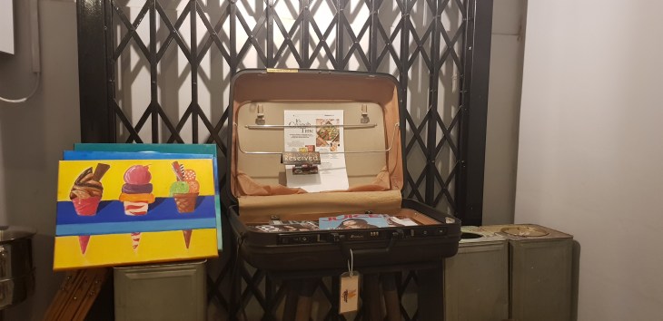 There is also a small corner with an old suitcase, records and even a retro metal gate for photo lovers.
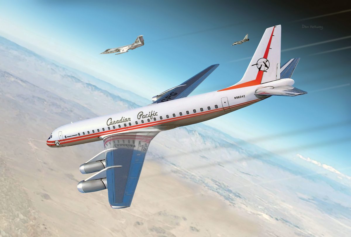 Douglas had a lot riding on the flight. Over the previous decade Boeing had just about locked up the market for military bombers with its B-47 and B-52. Now with Boeing’s new 707 jet airliner (first flown in December 1957), the company was seeking to do the same to the commercial market. Douglas had gained a huge head start in the airliner business with its legendary prewar DC-3, but its new four-jet DC-8 had not flown until six months after the 707 took off.
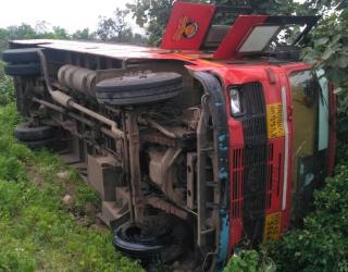 यवतमाळ : यवतमाळ जिल्ह्यात बस उलटली; दोन प्रवासी जखमी
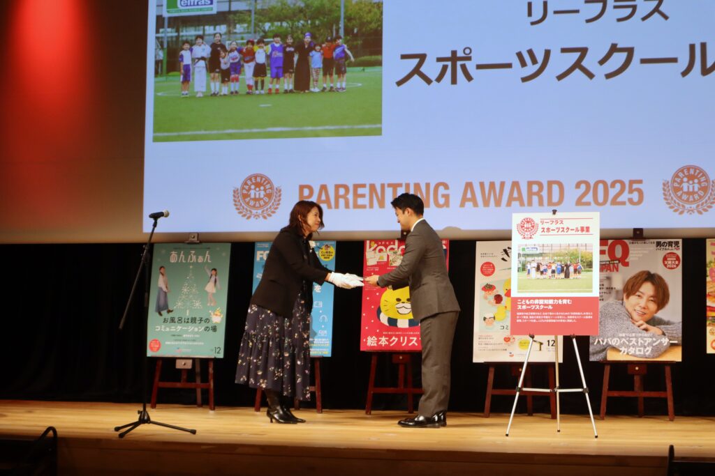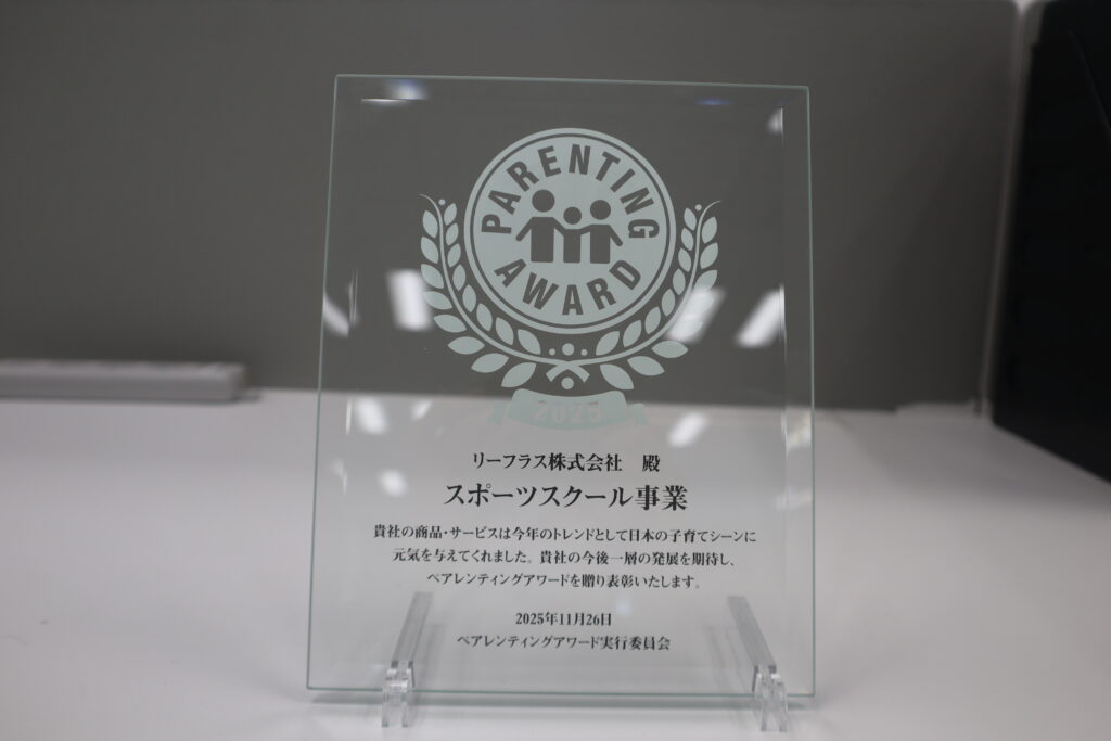 リーフラスが運営するリーフラススポーツスクールは、スポーツを通して子どもの非認知能力の育成に貢献した点を評価され、日本の子育てシーンに元気を与えたとして「モノ・サービス部門」を受賞しました。
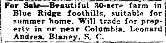 For Sale – Beautiful 30-acre farm in Blue Ridge foothills, suitable for summer home. Will trade for property in or near Columbia. Leonard Andrea. Blaney, S. C.
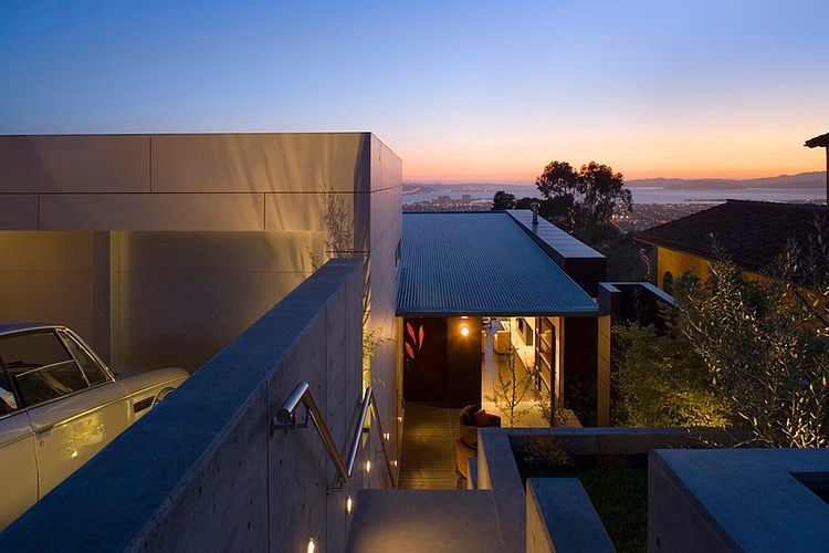 Sunken down into the hill, it allows for direct level access to a back yard and opens up a generous entry courtyard to the house as well as a series of level gardens as one makes their way through the house, challenging the notion of perched hillside home, detached and offering no direct access and dialog with the land and their surroundings. The whole western façade slide open making the indoor spaces one with the Bay.

===

Task to carry out: Write out every entry again word for word, without any of the pictures.

Task output:
 There is also a small corner with an old suitcase, records and even a retro metal gate for photo lovers.
 Douglas had a lot riding on the flight. Over the previous decade Boeing had just about locked up the market for military bombers with its B-47 and B-52. Now with Boeing’s new 707 jet airliner (first flown in December 1957), the company was seeking to do the same to the commercial market. Douglas had gained a huge head start in the airliner business with its legendary prewar DC-3, but its new four-jet DC-8 had not flown until six months after the 707 took off.
 यवतमाळ : यवतमाळ जिल्ह्यात बस उलटली; दोन प्रवासी जखमी
 リーフラスが運営するリーフラススポーツスクールは、スポーツを通して子どもの非認知能力の育成に貢献した点を評価され、日本の子育てシーンに元気を与えたとして「モノ・サービス部門」を受賞しました。
 For Sale – Beautiful 30-acre farm in Blue Ridge foothills, suitable for summer home. Will trade for property in or near Columbia. Leonard Andrea. Blaney, S. C.
 Sunken down into the hill, it allows for direct level access to a back yard and opens up a generous entry courtyard to the house as well as a series of level gardens as one makes their way through the house, challenging the notion of perched hillside home, detached and offering no direct access and dialog with the land and their surroundings. The whole western façade slide open making the indoor spaces one with the Bay.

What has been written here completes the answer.